Do we still have that digital head start that we fought so hard for in the 1990s? Obviously, this blog post won’t give a definitive answer to that question. But this is my contribution to the subject of an eventual Scandinavian lead in the mobile industry and perspective on mobile tech, usability and the need for speed. How do Sweden as a nation compare to the US regarding the, once again, popular concept of “digitization”. Well, this post is a attempt to start comparing, and to give you as a reader some data to begin benchmarking your website against the really big companies of Fortune 500, and the biggest ones of Sweden.

My book, Web Strategy for Everyone, deals with the issues of both speed and user needs when on mobile. Also a lot on design principles such as mobile first, responsive web design, adaptive, single page applications (SPA) and progressive web apps. Buy the book Web Strategy for Everyone directly from the publisher Intranätverk.

This comparison is how well major Swedish companies embraced usability and website speed. Today, we’re in a mobile first setting. Often attributed to the release of the Apple Iphone back in 2007. Almost ten years ago Apple contributed to – in a major way – making the Web accessible to mobile, for the masses!

Benchmarking method: OMX Stockholm 30 duel with the financial magazine Fortune’s list of America’s 500 largest companies

Since Sweden is a pretty small country, I have selected the 30 biggest companies on the Stockholm Stock Exchange in 2016, the so-called OMXS30. In the contending ring corner, for the US, is the 500 largest US companies according to the financial magazine Fortune. Biggest based on their annual turnover. No method is perfect, this one is no exception. But on some level, this comparison is the giants from one country to the giants from another.

Since the company Atlas Copco is listed twice on the Swedish list, there’s just 29 companies. The same problem exists multiple times with the Fortune 500, for instance the different incarnations of Time Warner, and others. In addition, this type of test is blocked by the security settings of some websites. That’s why the Fortune 500 simply became “Fortune 425” in this evaluation. Still, I think there is probably enough data to suffice as an acceptable average. But of course, it’s up to you to reflect upon the precision and if it is good enough for what you decisions you intend to make based on these data.

Measuring rod = Google PageSpeed API

The analysis is based on Google’s API called PageSpeed. If you’d like to make spot checks on any single webpage Google’s PageSpeed Insights web service will prove useful. The difference is that, with the API, one can automate checks of up to 25,000 pages per day. Thus one can approach a more quantitative analysis.

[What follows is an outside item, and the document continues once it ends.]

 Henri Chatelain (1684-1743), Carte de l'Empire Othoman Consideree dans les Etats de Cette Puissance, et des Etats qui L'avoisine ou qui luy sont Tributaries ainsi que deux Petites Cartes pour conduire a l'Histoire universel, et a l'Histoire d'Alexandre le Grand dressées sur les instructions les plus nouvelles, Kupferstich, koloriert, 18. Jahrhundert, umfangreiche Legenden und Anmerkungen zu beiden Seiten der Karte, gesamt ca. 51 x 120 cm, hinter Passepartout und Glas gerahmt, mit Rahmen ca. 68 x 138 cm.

For those of you who want to know how much data is the basis of the analysis, there were 2,155 webpages evaluated for the 29 Swedish websites. For the American companies I evaluated 28,162 webpages from the 425 websites.

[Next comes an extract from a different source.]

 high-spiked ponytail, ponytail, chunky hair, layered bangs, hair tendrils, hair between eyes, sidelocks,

The average values were then stored as per website, which you can inspect in the Excel file linked below. After this, all Swedish companies’ averages were calculated, as well as all US companies averages, in order to be compared. It’s the way you should regard the tables below – as averages first calculated per site, then combined averages for OMXS30 as well as for F500. This double average calculation is necessary since the sampling of the websites differed.

Below is how an average webpage looks like. Besides Pagespeed and Usability, low numbers are generally a good thing.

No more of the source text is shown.